Accountants take the bronze medal in the United States. AI is used in accounting firms to generate financial reports and arrange expenses efficiently. Despite these advantages, using AI within accounting can lead to detrimental data breaches from cyber criminals searching for investment decisions.

Um. You know what, never mind. Here’s a better source on generative AI and risks to CPA firms from the esteemed Journal of Accountancy. While the security of client data is a huge concern and why firms immediately started warning staff not to put client data into ChatGPT shortly after it started getting popular among the non-techies, the bigger issue for the profession is the reliability of AI’s output. From the above JofA article:

Unlike you, ChatGPT and other generative AI tools have not been formally educated and trained in the practice of public accountancy and are not licensed CPAs. It is important to supervise and review the output from generative AI just as you would the work of any other engagement team member. Indeed, ChatGPT terms of service at the time of this writing remind users to “evaluate the accuracy of any output as appropriate for your use case, including by using human review of the output.” Consider requiring firm personnel to inform their supervisor when work has been created or developed using generative AI. Doing so will help ensure that the output is properly reviewed.

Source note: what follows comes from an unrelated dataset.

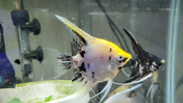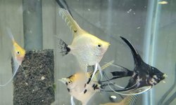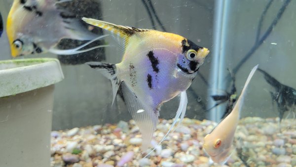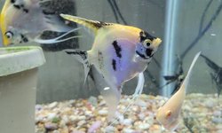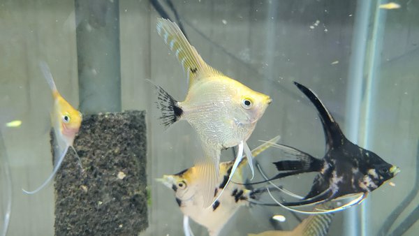 Three short finned adult Gold Marble Angelfish with body size around a dollar. The pearl-scale one is slightly smaller.

On the topic of output, we’re getting there. Last April, tax app Keeper unveiled its scary good GPT-4 “Ask an AI accountant” tool. After being trained on 2023 tax updates, the AI accountant could broadly answer tax questions correctly 84.19% of the time (its work was checked by human professionals). It was quite good at knowing which tax forms to apply to which situation and understanding real estate tax implications but not so good at getting tax form details right, including what certain lines and boxes are intended for. Checkmate, robots. As skilled as it is at certain repetitive and pre-trained tasks it still needs close human supervision for most applications.

We’re not sure what search data DevRev looked at to come up with their list because here’s what the last 90 days of Google Trends looks like for four search terms:

🔵 will AI replace accountants

🔴 How will AI affect accountants

🟡 will AI replace lawyers

🟢 How will AI affect lawyers

For both lawyers and accountants there were no results for “how will AI affect ____” so we ran it again with a more generic term and went back 12 months.

Yeah, lawyers win.

3 thoughts on “Accountants Aren’t the Scarediest About How AI Will Affect Them

  1. Whenever a salesman pitches me on how their software or service uses AI, I imagine a sweat shop in a third world shit hole with thousands of slaves manually processing transactions. I think AI might be the biggest scam/fad since cryptocurrency.

    1. A few years ago I did some microtasking work and yes, you’re spot on. I’d get a few cents to click all the humans in an image or draw a bounding box around an object. It took like 5 seconds so it added up when you did hundreds of them. I also remember doing conversational language training with Facebook projects that involved tagging responses for certain emotions and ranking its accuracy and tone.

      Dug up this old article I remembered reading that talks about it: https://inevitablehuman.com/the-data-factories-and-virtual-sweatshops-that-make-the-internet-run-smoothly/

      1. My favorite example is when I have a software salesman trying to sell me on something like A/P automation. I’ve had several of them hype up all the fancy AI they’re using to automatically code the vendor invoices before routing them through their electronic system. It’s like magic!!

        Later on I find out that it isn’t actually AI or OCI or any fancy technology, but rather low paid slave labor reviewing each invoice and coding it in the system overnight. And then when I show up for work the next day, all the fields on my invoice have magically been coded in the A/P system.

        Of course, we still need to review the data and there are always mistakes, which completely blows the promised efficiency of such a system. It’s all a bunch of bullshit.